Even that isn't completely unambiguous. Do you mean
\[3+\frac{2}{3x^2}\]or\[3+\frac{2}{3}x^2\]Use the equation editor or enough parentheses to make it unambiguous. If you meant the latter, writing 3+2x^2/3 is perhaps clearer (then the left to right evaluation gets you the right thing, so long as you didn't mean to raise \(x^{2/3}\)! No question at all about the typeset versions, though.

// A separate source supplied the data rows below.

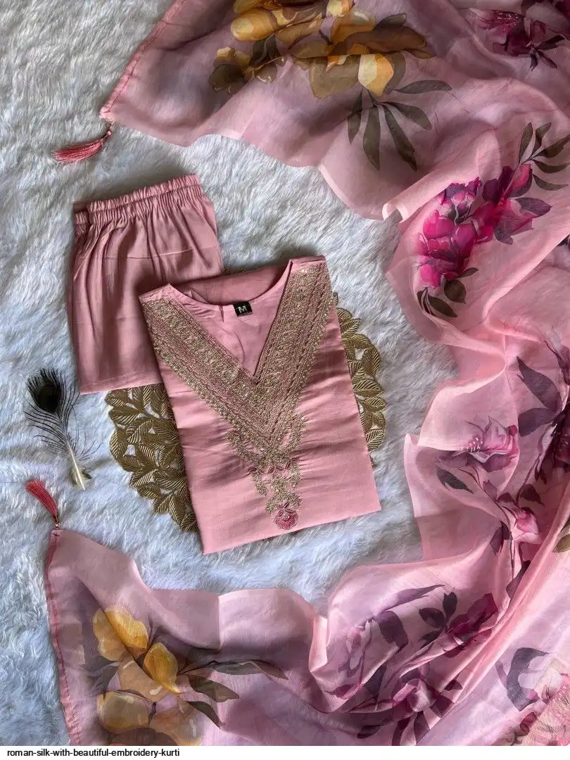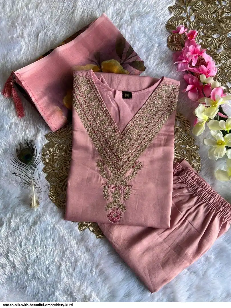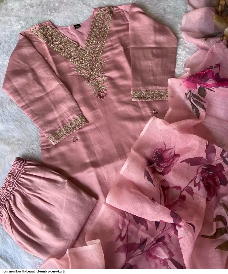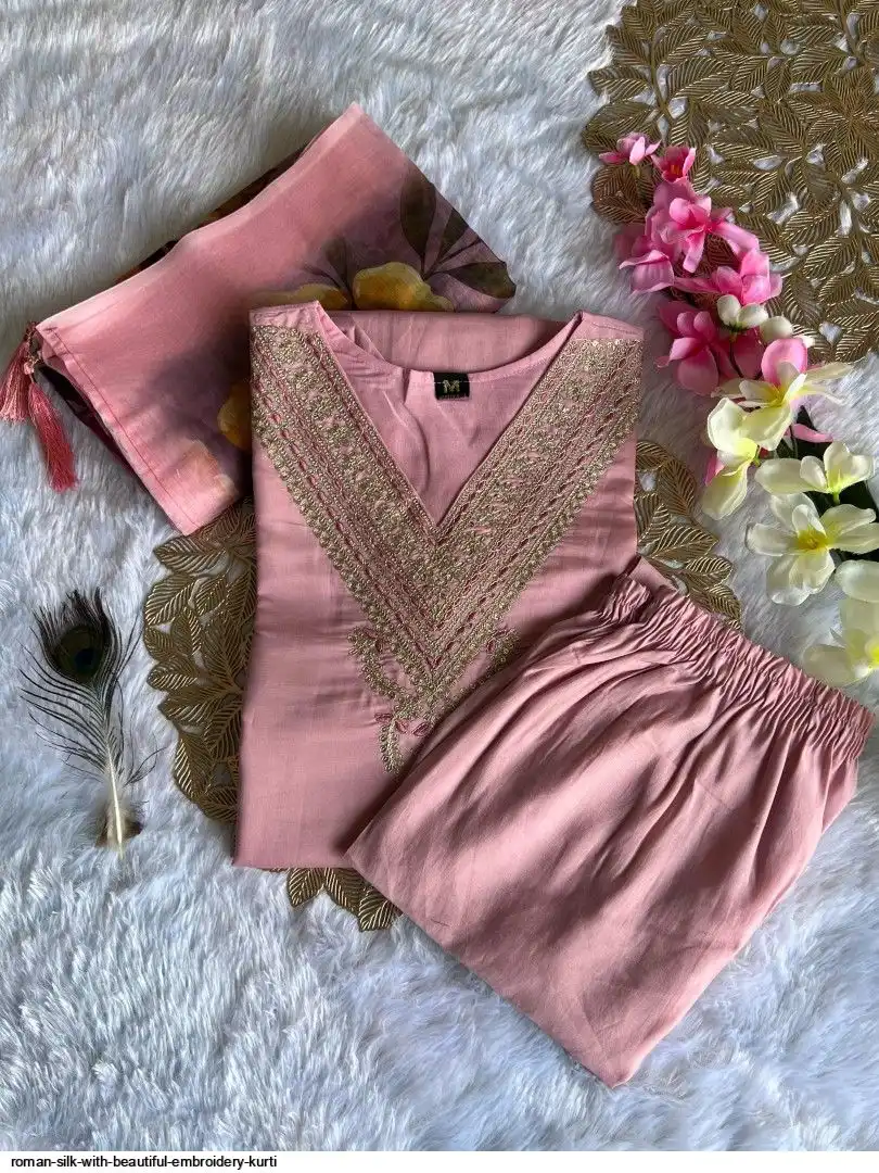 Kurti :- Roman Silk with Beautiful Embroidery With Sequence Work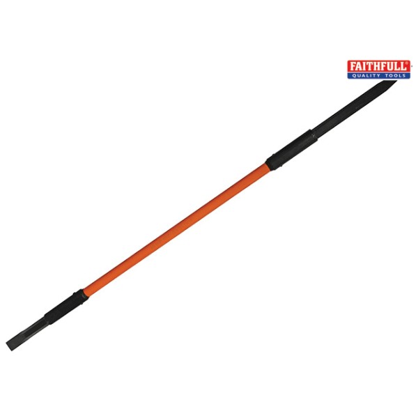 The Faithfull Insulated Crow Bar is fully insulated and made to BS8020 standards. With a pencil point at one end and a flat chisel edge at the other. The insulated shaft is manufactured using a solid fibreglass core which is coated with an abrasive resistant orange polymer coating.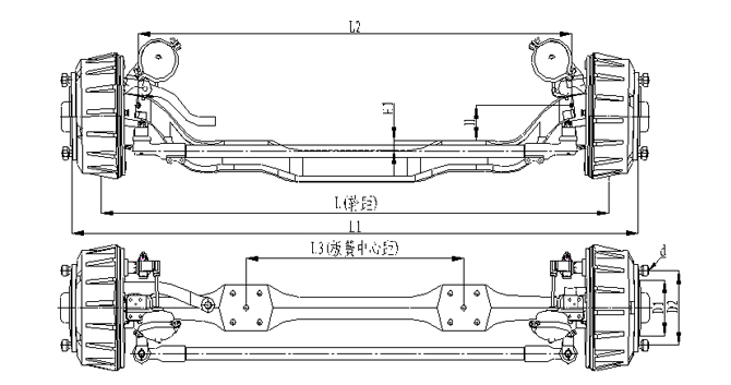 1.前軸為整體鍛造結構,采用加強設計,承載能力強; 2.輪距、板簧距可靈活調整;3.車輪輪輞定位方式可采用球面定位或止口定位

\[\frac{d}{dx}[3+\frac{2}{3x^2}] = -\frac{4}{3x^3}\]
\[\frac{d}{dx}[3+\frac{2}3x^2]=\frac{4}{3}x\]

Answer 5

it's the first
\[3x^2+\frac{ 2 }{ 3x^2 } \]

Answer 6

I don't see that anywhere else :-)

\[\frac{d}{dx}[3x^2+\frac{2}{3x^2}] = 6x -\frac{4}{3x^3}\]

Answer 7

@whpalmer, could you please show me the steps.

Answer 8

Sure, I'll use the last one I did to demonstrate:

\[\frac{d}{dx}[3x^2+\frac{2}{3x^2}]\]First, I'll rewrite the second term with a negative exponent\]
\[\frac{d}{dx}[3x^2+\frac{2}{3}x^{-2}]\]Now, the rule for differentiating \(x^n\) is simply \[\frac{d}{dx}[x^n] = nx^{n-1}\]so marching through the terms, we get
\[\frac{d}{dx}[3x^2+\frac{2}{3}x^{-2}= 3*2x^{2-1} + (-2)\frac{2}{3}x^{-2-1}=6x-\frac{4}{3}x^{-3}=6x-\frac{4}{3x^3} \]

Answer 9

nuts, I missed the closing bracket on the left side of the last line, but I trust you can imagine it there :-)